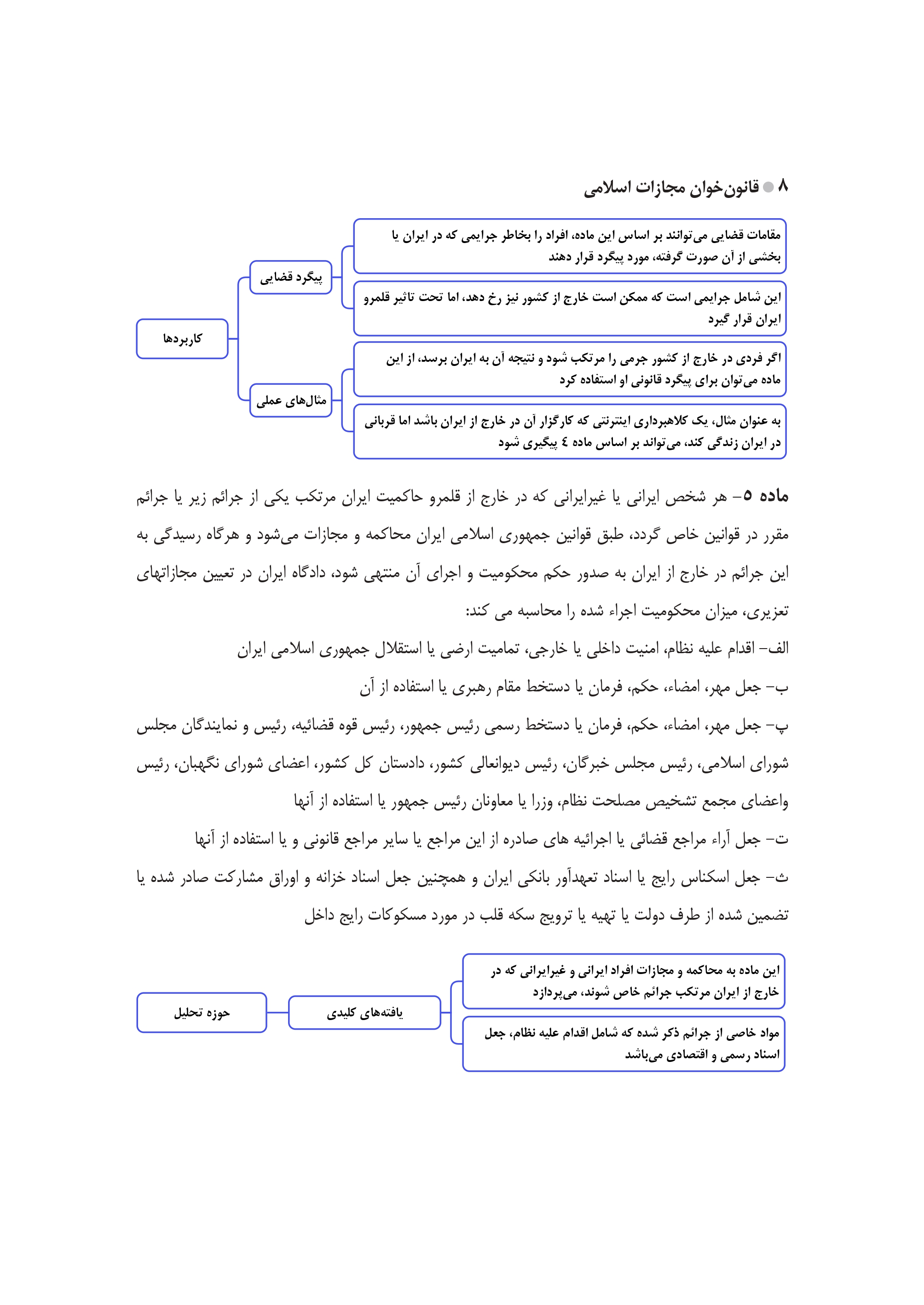 📘 معرفی کتاب قانونخوان مجازات اسلامی | ویژه آزمونهای وکالت و قضاوتکتاب قانونخوان مجازات اسلامی یکی از جدیدترین آثار آموزشی در حوزه حقوق جزا است که توسط گروه علمی مکتوب آخر و با مدیریت اجرایی مونا سام تألیف شده است. این اثر با رویکردی نوین و آموزشی، به بررسی مفهومی و نموداری مواد قانون مجازات اسلامی پرداخته و برای داوطلبان آزمونهای حقوقی، بهویژه آزمون وکالت و قضاوت، منبعی بسیار مفید و کاربردی بهشمار میرود.در این کتاب، مواد قانونی بهصورت چارتمحور، طبقهبندیشده و نکتهمحور تنظیم شدهاند تا داوطلب بتواند با صرف کمترین زمان، بیشترین درک مفهومی را از مواد قانون مجازات اسلامی بهدست آورد. روش تدریس در این کتاب به گونهای طراحی شده که یادگیری را ساده، سریع و ماندگار میکند و برای مرورهای پایانی بسیار مؤثر است.کتاب حاضر، حاصل تجربه جمعی از اساتید و پژوهشگران برجسته حقوق کیفری است و به عنوان منبعی قابل اعتماد برای دانشجویان حقوق، داوطلبان آزمونهای وکالت و قضاوت و کارآموزان وکالت توصیه میشود.این اثر هماکنون بهصورت اختصاصی و با تخفیف ویژه ۲۵٪ در سایت دنیای وکالت عرضه شده است.✳️ ویژگیهای برجسته کتاب قانونخوان مجازات اسلامی✅ ارائه مطالب بهصورت نموداری و مفهومی✅ تحلیل دقیق و آموزشی مواد قانون مجازات اسلامی✅ مناسب برای آزمون وکالت، قضاوت و کارشناسی ارشد✅ تألیف توسط گروه علمی مکتوب آخر به سرپرستی مونا سام✅ ویژه مرور سریع، جمعبندی و تثبیت مفاهیم کلیدی✅ عرضه اختصاصی در سایت دنیای وکالت با تخفیف ۲۵٪📚 عنوان: قانونخوان مجازات اسلامی✍️ نویسنده / گروه علمی: مکتوب آخر – مدیر اجرایی: مونا سام🏛 موضوع: مرور مفهومی و نموداری قانون مجازات اسلامی🎯 مخاطب: داوطلبان آزمون وکالت، قضاوت و دانشجویان حقوق💰 تخفیف ویژه: ۲۵٪ فقط از طریق سایت دنیای وکالت
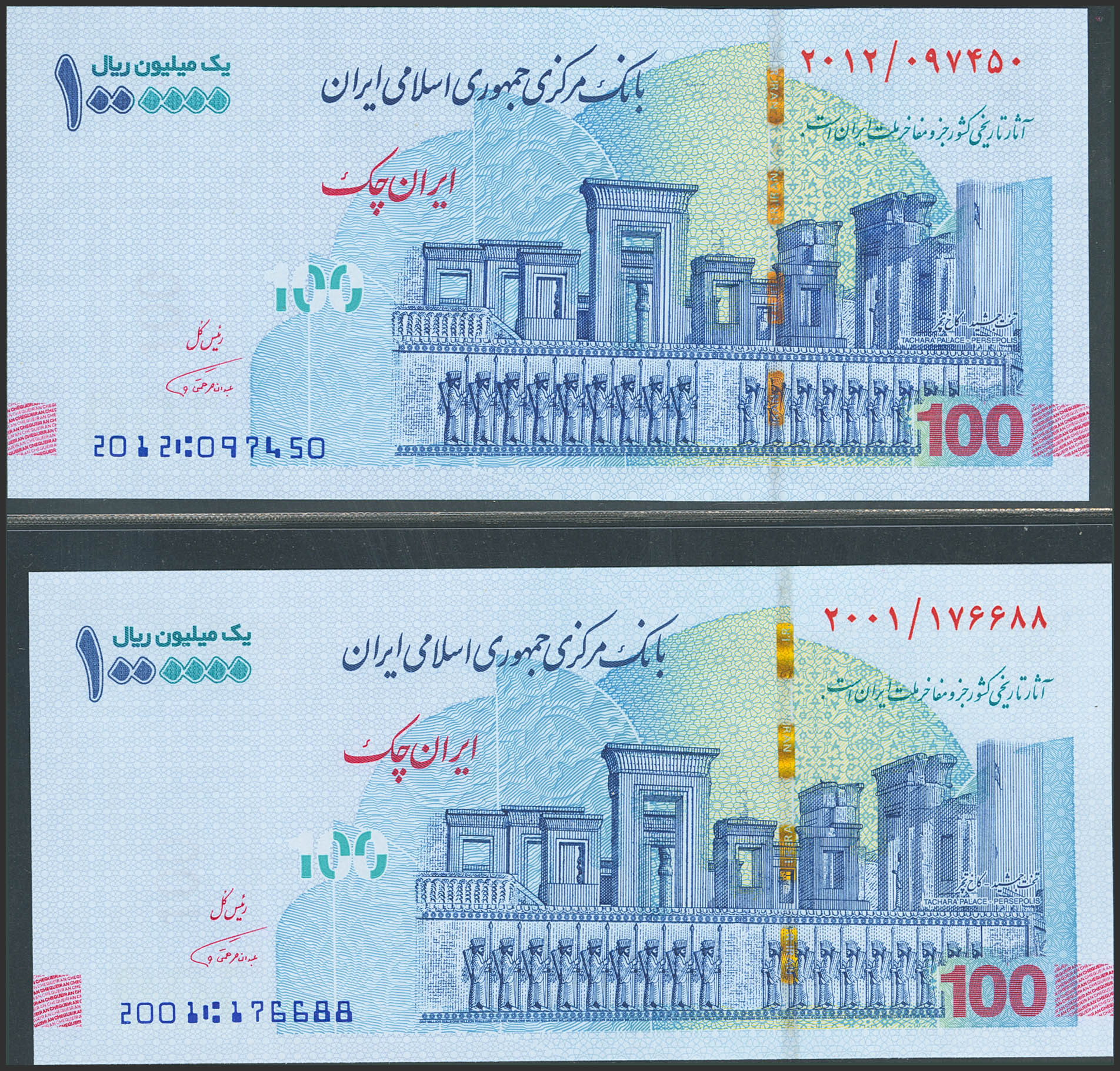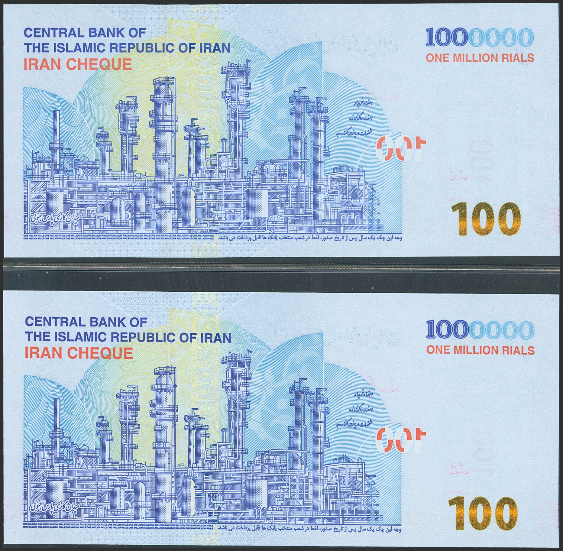 IRAN. Lot of 2 notes of 1000000 Rials. (2020Ca). Central Bank of the Islamic Republic. Emergency Check due-absence of regular paper money with high denominations. (Pick: 165). Uncirculated.
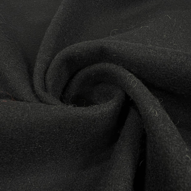 Our 157cm wide, British wool coating fabric in plain black is excellent for jackets, dressmaking or suits!
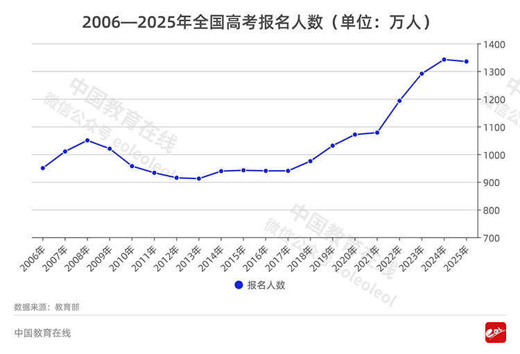 日前,教育部公布高考报名人数1335万,比去年的1342万略微下降7万人,和一些自媒体预测的增长到1400万以上差距悬殊。2025年高考考生主要对应的是2007年出生的人。当年新生儿1594万,比2006年增长了10万,但考生数量为什么下降?这是很多人想问的。
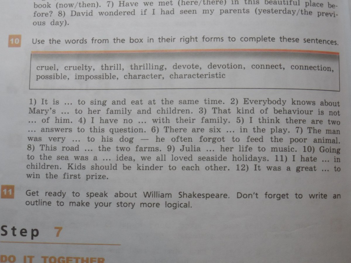 1) It is impossible to sing and eat at the same time. 2) Everybody knows about Mar's devotion to her family and children. 3) That kind of behavior is not characteristic of him. 4) I have no connection with their family. 5) I think there are two possible answers to his question. 6) There are six characters in the play. 7) The man was very cruel to his dog - he often forgot to feed the poor animal. 8) This road connects the two farms. 9) Julia devotes her life to music. 10) Going to the sea was a thrilling idea, we all loved seaside holidays. 11) I hate cruelty in children. Kids should be kinder to each other. 12) It was a great thrill to win the first prize.
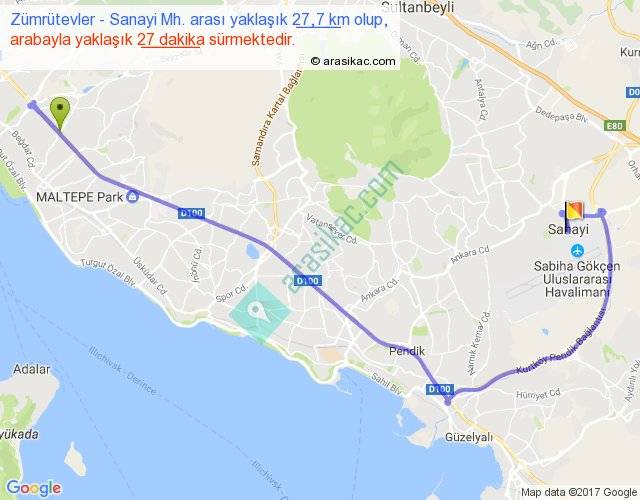 Zümrütevler - Sanayi Mh. arası yaklaşık olarak 90 km/h ile yukarıda belirtilen sürede olup, iki yerin kuş uçuşu uzaklığı (mesafesi) 15'dir. Yolculuk otobüsle 35 dakika sürmektedir.
======
* [ABOUT THIS TASK] Retype every entry above exactly and, please, skip the pictures.

* [ANSWER TO THE EXERCISE]
 📘 معرفی کتاب قانونخوان مجازات اسلامی | ویژه آزمونهای وکالت و قضاوتکتاب قانونخوان مجازات اسلامی یکی از جدیدترین آثار آموزشی در حوزه حقوق جزا است که توسط گروه علمی مکتوب آخر و با مدیریت اجرایی مونا سام تألیف شده است. این اثر با رویکردی نوین و آموزشی، به بررسی مفهومی و نموداری مواد قانون مجازات اسلامی پرداخته و برای داوطلبان آزمونهای حقوقی، بهویژه آزمون وکالت و قضاوت، منبعی بسیار مفید و کاربردی بهشمار میرود.در این کتاب، مواد قانونی بهصورت چارتمحور، طبقهبندیشده و نکتهمحور تنظیم شدهاند تا داوطلب بتواند با صرف کمترین زمان، بیشترین درک مفهومی را از مواد قانون مجازات اسلامی بهدست آورد. روش تدریس در این کتاب به گونهای طراحی شده که یادگیری را ساده، سریع و ماندگار میکند و برای مرورهای پایانی بسیار مؤثر است.کتاب حاضر، حاصل تجربه جمعی از اساتید و پژوهشگران برجسته حقوق کیفری است و به عنوان منبعی قابل اعتماد برای دانشجویان حقوق، داوطلبان آزمونهای وکالت و قضاوت و کارآموزان وکالت توصیه میشود.این اثر هماکنون بهصورت اختصاصی و با تخفیف ویژه ۲۵٪ در سایت دنیای وکالت عرضه شده است.✳️ ویژگیهای برجسته کتاب قانونخوان مجازات اسلامی✅ ارائه مطالب بهصورت نموداری و مفهومی✅ تحلیل دقیق و آموزشی مواد قانون مجازات اسلامی✅ مناسب برای آزمون وکالت، قضاوت و کارشناسی ارشد✅ تألیف توسط گروه علمی مکتوب آخر به سرپرستی مونا سام✅ ویژه مرور سریع، جمعبندی و تثبیت مفاهیم کلیدی✅ عرضه اختصاصی در سایت دنیای وکالت با تخفیف ۲۵٪📚 عنوان: قانونخوان مجازات اسلامی✍️ نویسنده / گروه علمی: مکتوب آخر – مدیر اجرایی: مونا سام🏛 موضوع: مرور مفهومی و نموداری قانون مجازات اسلامی🎯 مخاطب: داوطلبان آزمون وکالت، قضاوت و دانشجویان حقوق💰 تخفیف ویژه: ۲۵٪ فقط از طریق سایت دنیای وکالت
 IRAN. Lot of 2 notes of 1000000 Rials. (2020Ca). Central Bank of the Islamic Republic. Emergency Check due-absence of regular paper money with high denominations. (Pick: 165). Uncirculated.
 Our 157cm wide, British wool coating fabric in plain black is excellent for jackets, dressmaking or suits!
 日前,教育部公布高考报名人数1335万,比去年的1342万略微下降7万人,和一些自媒体预测的增长到1400万以上差距悬殊。2025年高考考生主要对应的是2007年出生的人。当年新生儿1594万,比2006年增长了10万,但考生数量为什么下降?这是很多人想问的。
 1) It is impossible to sing and eat at the same time. 2) Everybody knows about Mar's devotion to her family and children. 3) That kind of behavior is not characteristic of him. 4) I have no connection with their family. 5) I think there are two possible answers to his question. 6) There are six characters in the play. 7) The man was very cruel to his dog - he often forgot to feed the poor animal. 8) This road connects the two farms. 9) Julia devotes her life to music. 10) Going to the sea was a thrilling idea, we all loved seaside holidays. 11) I hate cruelty in children. Kids should be kinder to each other. 12) It was a great thrill to win the first prize.
 Zümrütevler - Sanayi Mh. arası yaklaşık olarak 90 km/h ile yukarıda belirtilen sürede olup, iki yerin kuş uçuşu uzaklığı (mesafesi) 15'dir. Yolculuk otobüsle 35 dakika sürmektedir.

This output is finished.